Plastic credit and debit cards have been around for nearly 60 years, but apparently there are still new innovations to squeeze into them.
Mastercard on Thursday said a new biometric credit card it’s developing completed two pilots in South Africa, with plans for more tests coming soon in Europe and Asia. Mastercard said the card could reach customers in the US by early next year.
The card includes a small fingerprint reader and can store up to two fingerprints on its chip. When someone inserts the card into a chip-reading payment terminal, he or she places a finger on the fingerprint reader. The terminal then registers the cardholder and the payment in the same time it takes for a regular chip payment to work.

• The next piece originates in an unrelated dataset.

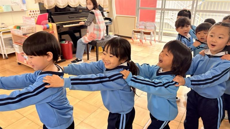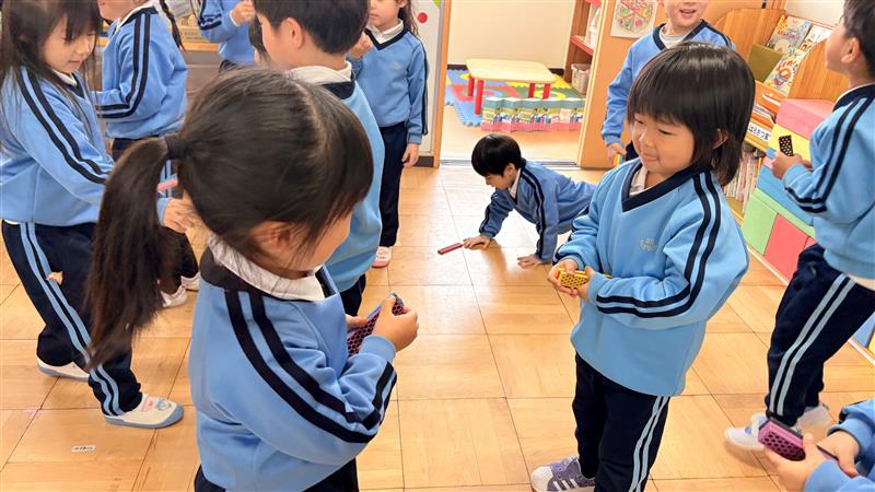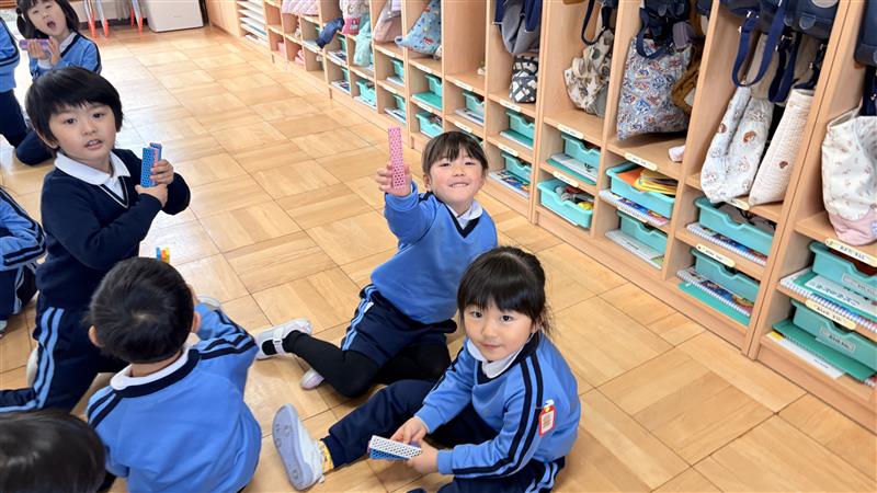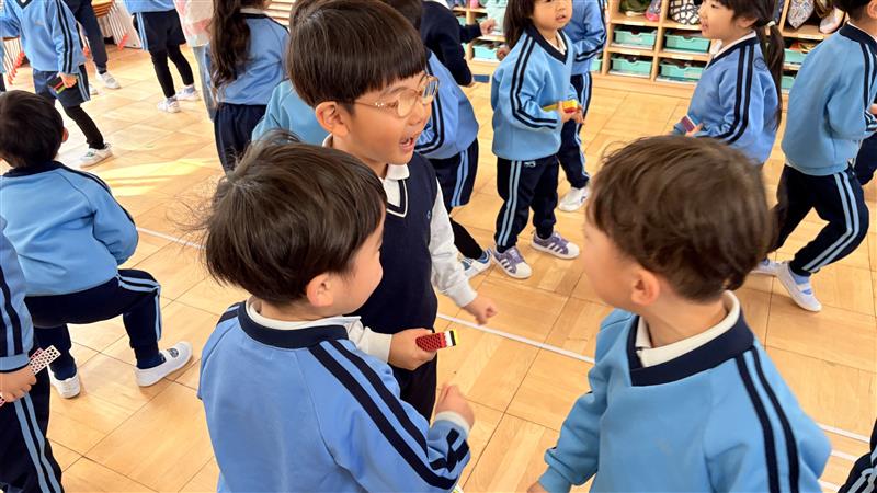 今日はきりん組・ぱんだ組で一緒に集団ゲームを楽しみました。みんなの大好きなじゃんけん列車をした後は、『ビオブロじゃんけん』をしました!

No need for a PIN or signature or a new payment terminal. No need for batteries in the card either, since the card can harvest power from existing terminals. Also, the new cards are just as thin as existing plastic cards.
These cards may find their place with wealthy, jet-setting cardholders and corporate credit card accounts since they’re more expensive to make and offer significantly better security than the typical four-digit PIN or signature. With these kinds of cards, Mastercard says no one can use your card but you, even if it gets stolen. (And, no, they probably won’t work with a severed thumb since these cards are for in-store payments. Try explaining that to the cashier.)
In South Africa, the cards were tested by employees of the supermarket chain Pick n Pay and Absa Bank, a subsidiary of Barclays Africa. For now, people will need to register their fingerprints at a store or bank branch, but Mastercard is already working on a way to do that from home.
Mastercard’s new cards offer a change of pace from the whirlwind of activity around mobile and digital payments, with a growing list of new payment concepts like paying with your face (which also comes from Mastercard) and paying with a ring (that one’s Visa). Apple, which is still expected to dominate the contactless payment market, uses fingerprint tech with Apple Pay.
After all, tried and true plastic is still pretty darn popular, so why not teach it a few new tricks.